Friday 20 January 2012

a new year.

I am hopeless when it comes to making new years resolutions. So hopeless that today is the 20th January, and i've only just got around to thinking about it.

I think that part of the reason why my lack of will power wins out, is that i have struggled in the past with whether or not i should make resolutions at all. Is it right? Is it biblical? Is it even possible? Am i just setting myself up for failure?
All too often my past resolutions have been shallow. I have vowed to lose weight, to change my appearance or to become more popular. These things are not bad in themselves, but i know that my resolutions have reflected an unhelpful attitude. They have said that i want to be different because i am not good enough as i am, or people will like me more/think i'm prettier if i become a certain way.
These motivations are not helpful, nor do they reflect Jesus.
I am fearfully and wonderfully made. 
My thoughts about myself and the goals i set should reflect this. 
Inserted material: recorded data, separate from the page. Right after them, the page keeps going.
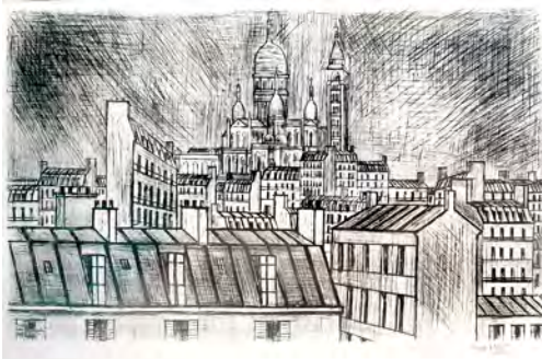
1 《モンマルトルのサクレ=クール寺院》 1995 ドライポイント

クレジット表記は各画像下の内容をご利用ください。(原題表記が必要ななどの場合お問い合わせください)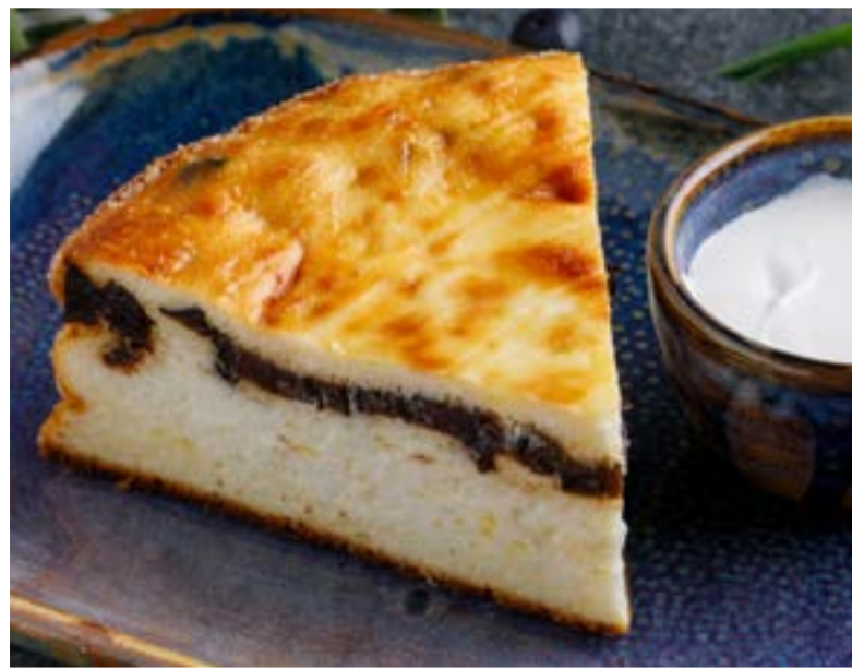
ТВОРОЖНАЯ ЗАПЕКАНКА С ЧЕРНОСЛИВОМ И СМЕТАНОЙ 429 ₺ COTTAGE CHEESE PUDDING WITH PRUNES AND SOUR CREAM / 奶渣烤布丁配黑梅干和酸奶油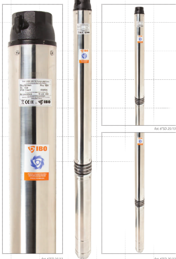
foto. 6SD 25/13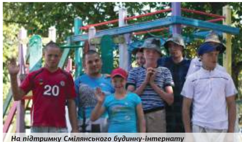
На підтримку Смілянського будинку-інтернату витрачено 2 632 000 грн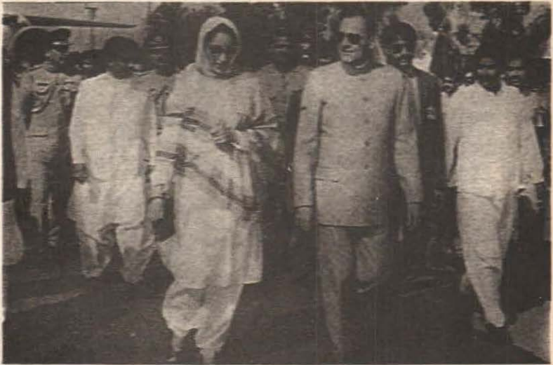
ڏکڻ ايشيا جي ٻن اهم سياسي گهراڻن جا پونيئر: بينظير ڀٽو ۽ راجيو گانڌي گڏ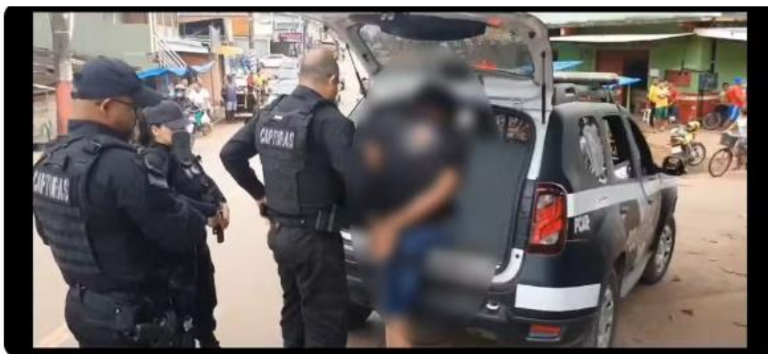
Homem foi preso nesta sexta-feira (22) na Zona Sul de Macapá.

25/03/2024 13h14 · Atualizado há 21 horas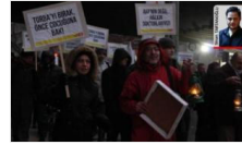
İhraç edilen doktora vebalı muamelesi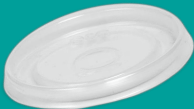
Крышка OSQ Round Bowl PP lid 100

Контейнеры и крышки заказываются отдельно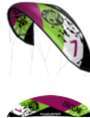
Boost 7 m 2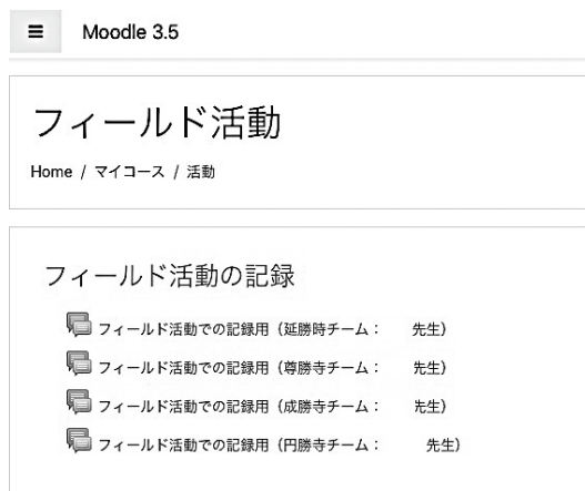
図5 フォーラムの画面

研修に先立ち MacBook Air (以下、Mac と表記) の MAC アドレスを登録し、DMZ 機能を持つモバイル Wi-Fi ルータ (以下、DMZ ルータ) に接続できるように設定した。また、DMZ ルータ側では、Mac にグローバル IP を割り振るように設定した。次に、Mac 上に moodle を導入、研修用コースを作成、そして「フォーラム」を加え、フィールド活動での目標物の「碑」の名称を目印にしたスレッドを作成した (図5)。さらに、活動する班数+予備のユーザを作成した。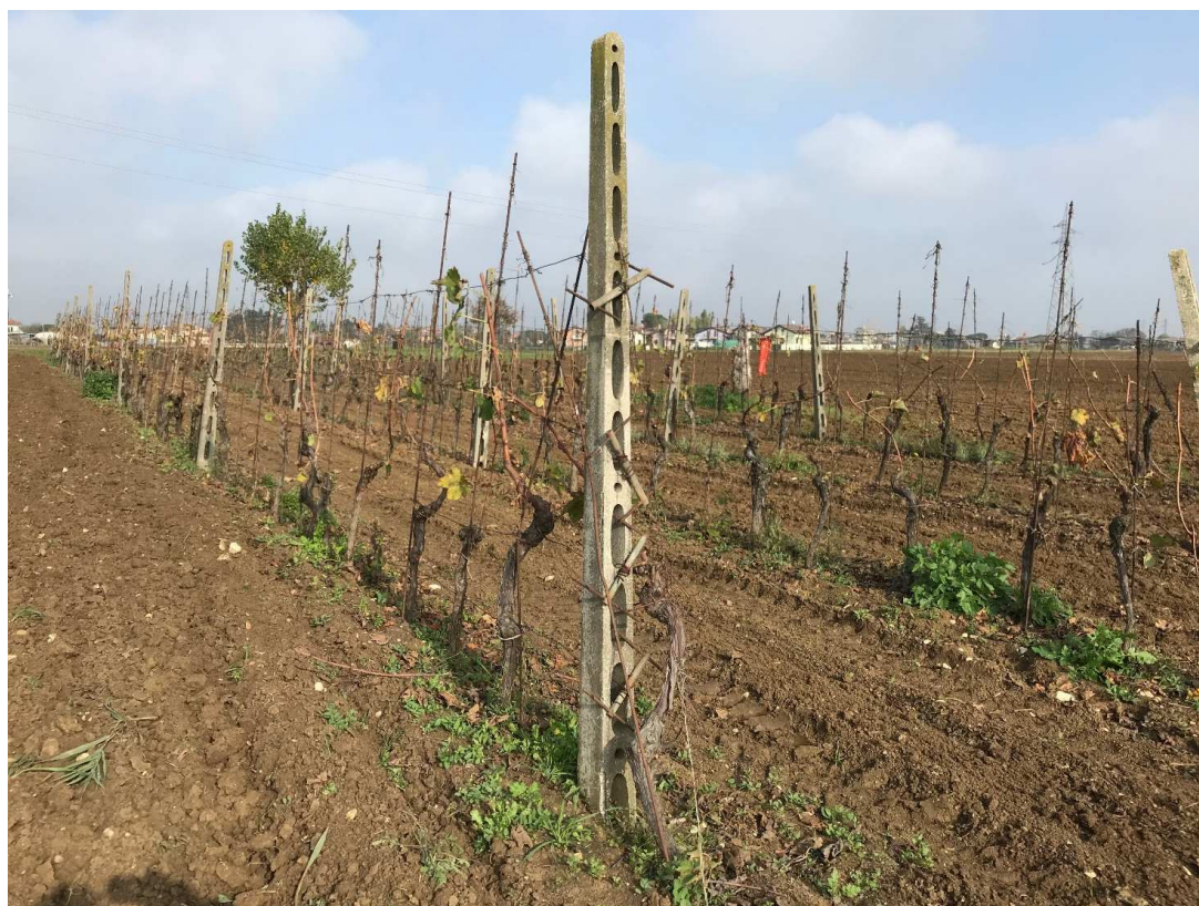
Figura 7 - UR06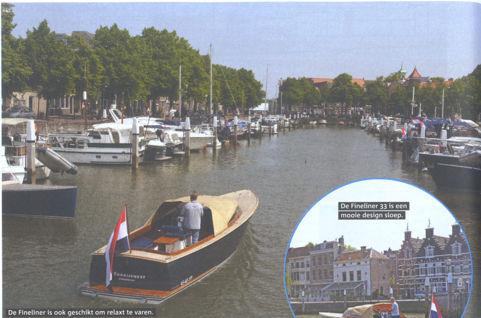
De Fineliner is ook geschikt om relaxt te varen.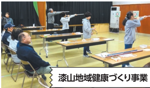
漆山地域健康づくり事業

So with that in mind, this year i want to set myself 7 goals* that i hope will help me to either grow in my relationship with God or to grow into the potential and opportunities that he has planned out for me.

(*note: the change of word - my attempt at fooling myself into carrying these goals through. If they aren't resolutions, they can't be broken right?)

1. Complete a freedom in Christ course. (i confess that i've already been to session one..)
2. Graduate this coming summer... with my sanity still intact.
3. Open my very first folksy shop. (and make time to actually create!)
4. Go on a holiday, just the two of us. Get in some real quality relaxation time, away from real life.
5. Dedicate time to prayer - push it way up the list of my priorities. To be prayerful in my actions.
6. To be more intentional. Whether thats with my work, with Steve, in my friendships or in my walk with God.  Basically to be more intentional with how i spend my time. 
7. Finally clear out the loft and turn it into the study/craft room. I know, i know how does this help me grow? But believe me, that room is the key to joy. Okay a slight exaggeration, but it will help me achieve goals 2&3.. so its valid!

There we have it. Maybe i should start this new-and-improved prayer life by praying i actually go through with it.